格下げされた日本の国債

ではなぜ、日本の財政はここまで悪化したのだろうか。日本経済は、80年代後半から90年代初頭にかけてのバブルが崩壊し、長期の低迷に入った。低迷した景気を浮揚させるため、政府は92年8月を皮切りに99年11月に至るまで9次にわたって大型の総合経済対策を実施した。

この9回の経済対策の事業規模を単純に合計すると。10兆円にも上る。このうち、GDP増大に寄与する、国と地方自治体の財政支出である「真水」は、減税分を含めて、事業規模の約半分の60兆円程度と推計されている。その大部分が公共事業や施設整備などの公共投資とみられる。

だが、そのための財源は建設国債、つまり借金に求めざるを得なかった。こうして、年度途中の補正予算で、ほぼ毎年度、巨額の建設国債を発行し続けたのである。また、経済の低迷で税収が伸びず、その一方で歳出は膨らんだため、毎年度の当初予算でも赤字国債を発行し、さらに、税収が予想より伸び悩んだ結果、補正予算でも赤字国債を増発せざるを得なかった。

当初予算ペースの一般会計歳出は90年度の66兆2368億円から、2000年度には84兆9871億円へと、19兆円弱も増えた。一方、税収は90年度決算ペースの60兆1059億円をピークに、2000年度は当初予算ペースで48兆6590億円と、約11兆5000億円も減少したのである。こうして、借金が積み上がったのである。

この財政悪化に対しては、海外から警告が届いた。米国の有力格付け会社ムーディーズ・インベスターズ・サービスが98年11月16日、日本政府が発行する国債と外貨建て債の格付けを最上級の「Aaa」からランク下げて「Aa1」にすると発表したのである。

国家の総合的な経済力そのものに疑問符が付いたわけだ。格付け引き下げの理由は、政府債務の増大、金融システムの弱体化、年金債務の増大などである。しかも、この影響は経済界にも波及した。国債と同じく最上級だったNTT、東京電力関西電力中部電力の優良企業の外貨建て債も、「Aa1」へと引き下げられたのだ。

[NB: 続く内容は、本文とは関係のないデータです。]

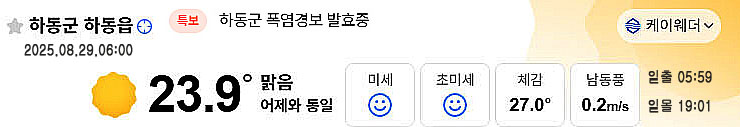 한편 8월 29일 금요일 아침 6시 현재 하동읍 맑은 하늘보이면서 아침 기온 23.9도로 어제와 같은데요. 체감온도는 27도 가리키고 잇습니다.

2000年9月8日、ムーディーズ国債の格付けを「Aa2」へとさらにランク引き下げた。しかも、それ以後の見通しも「ネガティブ(弱含み)」としたままだった。では、国の借金が増えれば、どうなるのか。

まず、借金を返済するために、将来に大増税が予想される。国民は増税に備えて貯蓄を増やし、そのため、不振を続ける個人消費がますます低迷する恐れが強い。そして、実際に増税が実施されれば、強烈なデフレ要因となる。九七年四月からの、三%から五%への消費税率引き上げが「戦後最悪の不況」につながった事実を思い起こせばよい。

また、大量の国債が債券市場に新たに出回るため、需給バランスが崩れて、既発の長期国債の価格が下落、つまり市場金利が上昇する。実際、一時的だが、ムーディーズ国債格付け引き下げ直後、長期金利が上昇した。

長期金利が上昇すれば、企業が発行する社債金利なども上昇せざるを得ず、企業の設備投資を冷やす要因となる。さらに長期金利が高騰すれば、日銀の政策的裁量で操作できるはずの短期市場金利にも波及してくるだろう。

大蔵省は債券市場で主流の10年物国債に加えて、今後は5年物国債も柱にする方針だ。商品を多様化することで、国債をスムーズに消化させ、金利上昇を防ぐ構えである。確かに、一時的には効果はあろうが、このような小手先の方法では限界がある。

現在は国内貯蓄で賄えるため、財政赤字が対外債務にはつなかっていない。しかし、毎年度30兆円程度の国債を発行し続ければ、やがては海外からの資金流入が必要になってくるだろう。

99年末には約85兆円の対外純債権があるが、いったん海外資金に頼り始めれば、あっという間に食いつぶされ、純債務国に転落する恐れがある。